**Exercise objective**
A faithful copy of the data, pictures omitted, is the required answer.

**Provided material**
Content starts

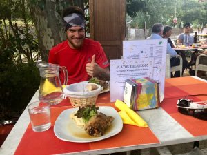 Za dalších pár minut jsme došli do města a zapadli jsme hned do první restaurace, co jsme potkali. Zlákalo nás denní menu za 13 eur. Prve jsme dostali polévku gazpacho, bylo jí fakt hodně. K tomu pečivo. Pak nějaké vepřové maso s bramborovou kaší. A nakonec nějaké sladké pečivo. Byl jsem úplně přejezenej.
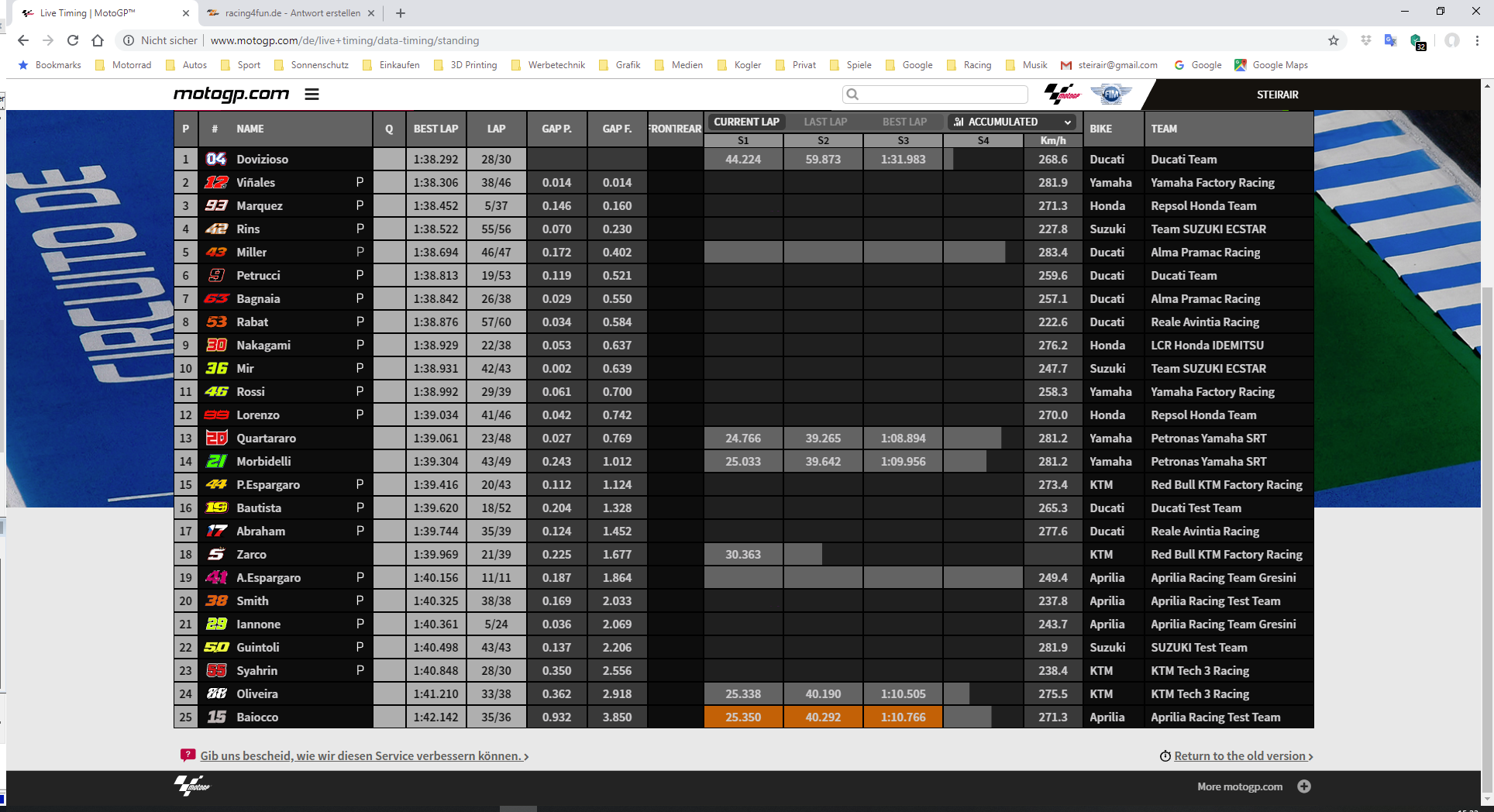 Henning #17 hat geschrieben:Yamaha hängt aktuell über 0,5 sec zurück, damit dürften Rossis aussagen ernst zunehmen sein:
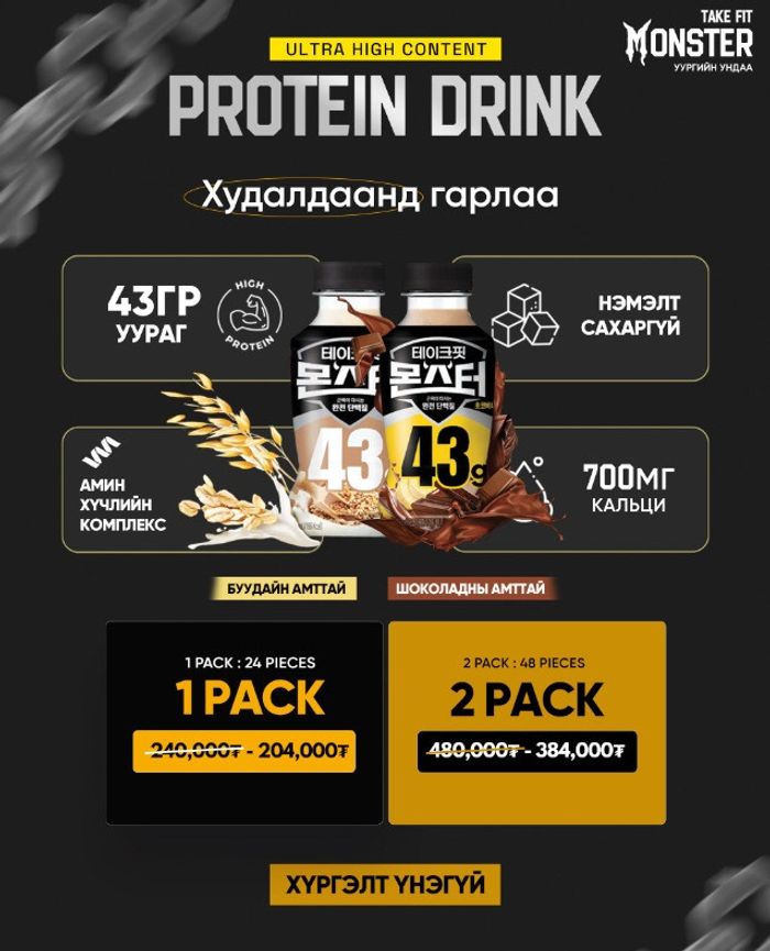TAKEFIT MONSTER нь бэлтгэл хийсний дараах булчингийн сэргэлт, хүч чадлыг хамгийн өндөр түвшинд дэмжихээр бүтээгдсэн өндөр агууламжтай уургийн ундаа юм. Whey уургийн онцгой найрлагатай тул хурдан шимэгдэж, булчингийн өсөлт, нөхөн сэргэлтийг шууд дэмжинэ.

Content ends

**Answer for this exercise**
 Za dalších pár minut jsme došli do města a zapadli jsme hned do první restaurace, co jsme potkali. Zlákalo nás denní menu za 13 eur. Prve jsme dostali polévku gazpacho, bylo jí fakt hodně. K tomu pečivo. Pak nějaké vepřové maso s bramborovou kaší. A nakonec nějaké sladké pečivo. Byl jsem úplně přejezenej.
 Henning #17 hat geschrieben:Yamaha hängt aktuell über 0,5 sec zurück, damit dürften Rossis aussagen ernst zunehmen sein:
TAKEFIT MONSTER нь бэлтгэл хийсний дараах булчингийн сэргэлт, хүч чадлыг хамгийн өндөр түвшинд дэмжихээр бүтээгдсэн өндөр агууламжтай уургийн ундаа юм. Whey уургийн онцгой найрлагатай тул хурдан шимэгдэж, булчингийн өсөлт, нөхөн сэргэлтийг шууд дэмжинэ.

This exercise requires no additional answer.